JAKARTA (LB)–Anggota Komisi A DPRD DKI (Dewan Perwakilan Rakyat Daerah Daerah Khusus Ibukota Jakarta Fraksi PSI (Partai Solidaritas Indonesia) Kevin Wu angkat suara terkait fenomena Pungli (pungutan liar), terutama oleh berbagai Ormas (organisasi kemasyarakatan) yang jadi momok bagi masyarakat.
“Pertama, saya memberi apresiasi kepada masyarakat yang berani speak-up ya. Dalam hal ini, adalah para pedagang kaki lima yang kalau mereka sampai berani speak-up ini kan sudah satu kondisi yang mungkin di titik akhir batas kesabaran mereka,” ujar Kevin Wu, dalam keterangan tertulisnya, Kamis (15/5/2025).
Menurut Kevin, aparat keamanan dalam hal ini TNI (Tentara Nasional Indonesia) atau Polri beserta Satpol PP (Satuan Polisi Pamong Praja) harus bertindak untuk mengayomi dan melindungi kelompok masyarakat yang terdampak oleh pungli itu.
“Nah ini harusnya jadi momentum bagi para aparat, khususnya dalam hal ini aparat keamanan untuk ketika kelompok masyarakat sudah berani bersuara jangan dibiarkan mereka ini melawan sendirian, melawan kesemena-menaan, dan melawan ketidakadilan,” imbuhnya.
“Karena itu di Komisi A kami meminta para aparat keamanan, khususnya dari TNI/Polri kemudian dari Satpol PP harusnya sudah menjemput apa yang sudah mereka lakukan ini. Harus ada tindakan tegas, hukum perlu ditegakkan,” lanjutnya.
Kevin juga mengungkapkan bahwa pihaknya akan memanggil pihak-pihak yang terkait dengan kondisi para pedagang pula, seperti Pasar Jaya yang mengelola tempat-tempat para pedagang berjualan. Ia juga akan turun ke lapangan untuk mendengar langsung permasalahannya dari masyarakat.

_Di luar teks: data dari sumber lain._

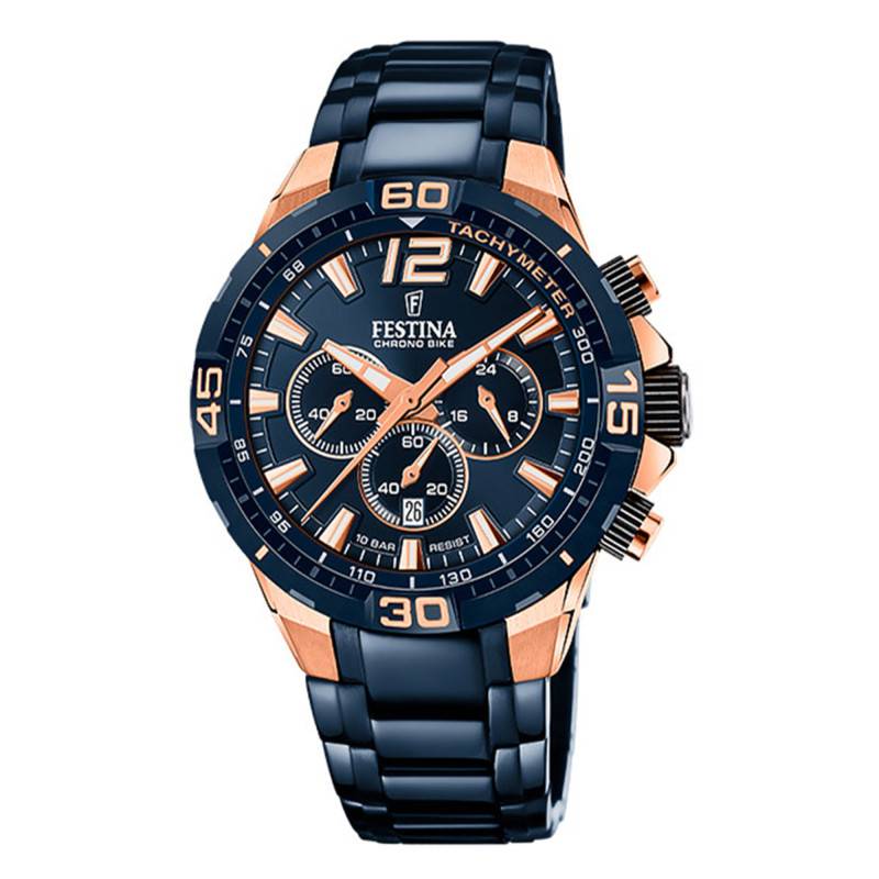 La maison Festina innove de nouveau dans la catégorie des montres à l'allure sportive et au design élégant. Cette marque, créée en 1902, aime innover dans le choix de ses matières et du design sportif de ses montres Chrono Bike. Elle fait désormais partie de son propre groupe : Festina Group. Ce modèle fait partie de la collection iconique engagée dans le cyclisme. Cette montre Chrono Bike 2020 vous séduira par son boîtier en acier inoxydable aux notes rosées et bleu foncé ainsi que ses fonctionnalités sportives. Son diamètre est de 44.5 millimètres, elle s'adresse plus particulièrement à la gent masculine. A droite du cadran se situe 2 boutons poussoirs et une couronne protégée. L'ensemble de ces éléments détient un design cranté apportant du relief au cadran. Ils sont utilisés respectivement pour actionner les compteurs et modifier l'heure lors de vos déplacements. Elle détient une lunette graduée par des chiffres arabes représentant 60 secondes ou 1 heure et vous permet d'atteindre plus facilement vos objectifs physiques. De plus, son fond de boîte vissé est surplombé par un verre minéral qui protégera votre cadran des chocs du quotidien. Enfin, ce modèle est doté d'une étanchéité vous assurant une protection jusqu'à 10 atmosphères.

“Pertama, kami sebagai anggota dewan akan sidak. Kami akan turun ke lapangan, kita akan dengar langsung permasalahan seutuhnya seperti apa. Kami bukan hanya ke satu titik, mungkin kami akan random ke beberapa titik,” ujarnya.
Dalam kesempatan ini, Kevin juga memberikan peringatan kepada oknum-oknum aparat untuk tidak mendukung atau melindungi para pelaku pungli, alih-alih mengayomi dan melayani masyarakat yang terdampak ketidakadilan akibat tindakan tersebut.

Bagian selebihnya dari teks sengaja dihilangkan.